= TASK DATA =
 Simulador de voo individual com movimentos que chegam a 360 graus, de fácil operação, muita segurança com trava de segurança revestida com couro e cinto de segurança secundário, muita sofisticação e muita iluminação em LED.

---

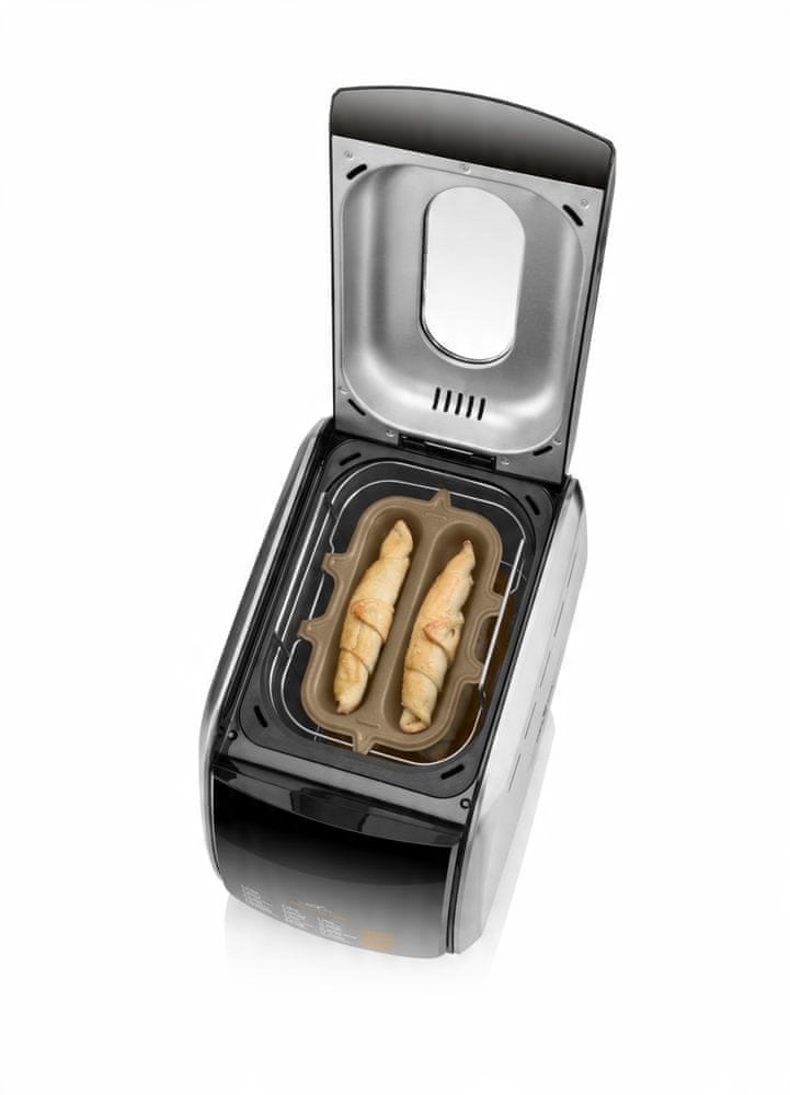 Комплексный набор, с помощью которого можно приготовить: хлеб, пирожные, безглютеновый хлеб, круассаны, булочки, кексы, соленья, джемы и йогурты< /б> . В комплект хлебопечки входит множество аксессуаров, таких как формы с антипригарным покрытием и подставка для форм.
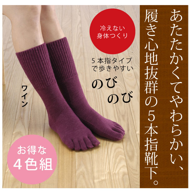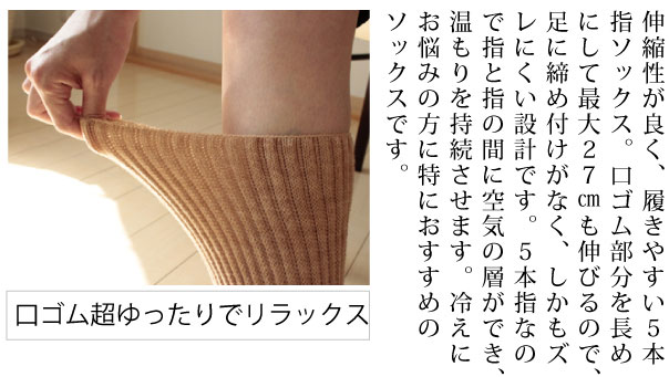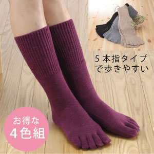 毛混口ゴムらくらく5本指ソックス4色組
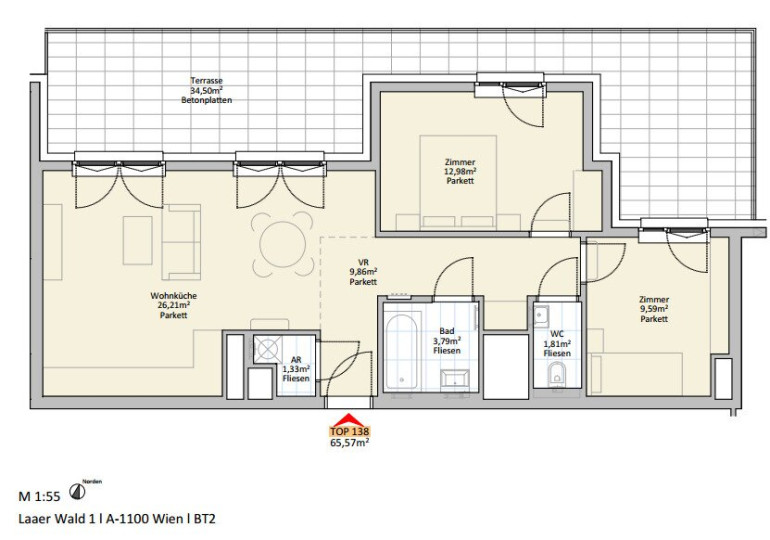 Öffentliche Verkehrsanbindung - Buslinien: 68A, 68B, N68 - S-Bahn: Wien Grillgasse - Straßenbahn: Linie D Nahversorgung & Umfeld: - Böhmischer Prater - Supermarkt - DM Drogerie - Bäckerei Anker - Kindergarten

==

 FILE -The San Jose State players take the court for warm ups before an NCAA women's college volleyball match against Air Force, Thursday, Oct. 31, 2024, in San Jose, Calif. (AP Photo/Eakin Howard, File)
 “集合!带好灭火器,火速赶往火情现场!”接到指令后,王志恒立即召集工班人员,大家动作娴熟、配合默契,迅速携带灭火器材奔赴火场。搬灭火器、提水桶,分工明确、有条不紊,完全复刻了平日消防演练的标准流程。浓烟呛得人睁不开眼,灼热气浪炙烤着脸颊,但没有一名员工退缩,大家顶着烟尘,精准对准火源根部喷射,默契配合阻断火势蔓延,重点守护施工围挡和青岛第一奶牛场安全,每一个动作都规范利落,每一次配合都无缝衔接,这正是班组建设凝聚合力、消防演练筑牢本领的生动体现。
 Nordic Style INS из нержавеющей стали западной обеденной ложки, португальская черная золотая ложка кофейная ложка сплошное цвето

= REQUIREMENT =
After locating "毛混口ゴムらくらく5本指ソックス4色組" and "Öffentliche Verkehrsanbindung - Buslinien: 68A, 68B, N68" in the records above, return exactly the line holding each one and every line between them; leave out the pictures.

= ANSWER BOX =
 毛混口ゴムらくらく5本指ソックス4色組
 Öffentliche Verkehrsanbindung - Buslinien: 68A, 68B, N68 - S-Bahn: Wien Grillgasse - Straßenbahn: Linie D Nahversorgung & Umfeld: - Böhmischer Prater - Supermarkt - DM Drogerie - Bäckerei Anker - Kindergarten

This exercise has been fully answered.